9.5 is tienmaal potenter dan 8.5

99
Q

wat is de effectiviteit van een agonist?

A

de effectiviteit wordt in de pA2-waarde uitgedrukt, en is de negative logaritme van de concentratie waarbij tweemaal zoveel agonist nodig is om hetzelfde effect te krijgen (=-logEC50).

100
Q

welke techniek(en) geven de verschillende technieken?

A

röntgen geeft projectiebeeld, en alle andere technieken geven een doorsnede beeld

101
Q

welke verschillende modi onderscheiden we binnen de echografie?

A

A-mode (amplitude), geeft een dieptemeting

B-mode (brightness), geeft een doorsnede beeld

M-mode (movement), beeld van de diepte over de tijd, laat bewegende structuren zien

102
Q

wat is de axiale resolutie?

A

de axiale resolutie zegt iets over het vermogen om verschillende details achter elkaar weer te geven.

103
Q

wat is de laterale resolutie?

A

de laterale resolutie zegt iets over de details naast elkaar.

104
Q

op welke verschillende manieren kan het hart met echografie worden bekeken?

A
  • links parasternaal
  • suprasternaal
  • rechts parasternaal
  • subcostaal
  • apicaal
105
Q

wat is het verschil van echografie met of zonder doppler?

A

met doppler kan stroomsnelheid in beeld gebracht worden, zonder doppler kan de diameter van structuren worden bepaald.

106
Q

welke stof wordt bij CT gebruikt als contrastmiddel?

A

jodium

107
Q

hoe bereken je de likelihood ratio?

A

LR+ = sens / 1-spec
LR- = spec / 1-sens

108
Q

hoe bereken je de NNT

A

NNT = 1/ hoeveelheid mensen die baat hebben bij het medicijn * 100%

109
Q

hoe berken je de enkel-arm index

A

de EAI bereken je door de BD in de enkel te delen door de BD in je arm.

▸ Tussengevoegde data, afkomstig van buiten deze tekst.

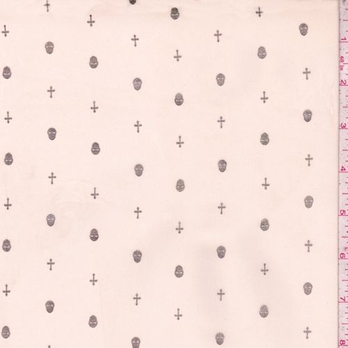 Blush Beige/Gold Mini Skull/Cross Georgette Fabric
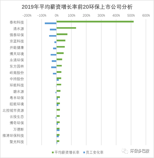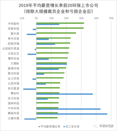 多就是多,少就是少,在此沒(méi)有必要對(duì)個(gè)別企業(yè)作單獨(dú)展開(kāi)。咱說(shuō)說(shuō)整體情況,2019年,百余家環(huán)保上市公司為超過(guò)40萬(wàn)員工支付的薪酬為464.8億元,平均年薪為11.41萬(wàn)元,較2018年增長(zhǎng)了1.84萬(wàn)元。聽(tīng)起來(lái)還不錯(cuò),但注意這是企業(yè)端的薪金成本,并非員工到手的收入,不精細(xì)地推算,對(duì)應(yīng)員工平均月薪為稅前8300元。智聯(lián)招聘針對(duì)2019年冬季求職行業(yè)平均薪酬的調(diào)查數(shù)據(jù)顯示環(huán)保行業(yè)平均薪酬為8070元。將本文研究對(duì)象為水準(zhǔn)偏高的環(huán)保上市公司這一因素考慮在內(nèi),兩個(gè)結(jié)果實(shí)際是高度吻合的。做環(huán)保的企業(yè),哪家還沒(méi)個(gè)Big Dream?當(dāng)下的收入重要,未來(lái)的錢景,也即收入的增長(zhǎng)勢(shì)頭也同樣重要。為此,我將2019年平均薪資增長(zhǎng)率前20位的環(huán)保上市公司摘出,得到如下結(jié)果:

EAI in rust van <0,9 en EAI na inspanning van > 0,15 duiden op arterieel perifeer vaatlijden.

110
Q

voor welke diabetes gerelateerde diagnose kan EAI nog meer worden gebruikt?

A

voor diagnose van diabetisch ulcus kan EAI worden gebruikt. Wanneer dit niks uitsluit maak je een CT of MRI.

111
Q

wat bepaalt het populatierisico

A

de prevalentie en de grootte van het effect van een aandoening.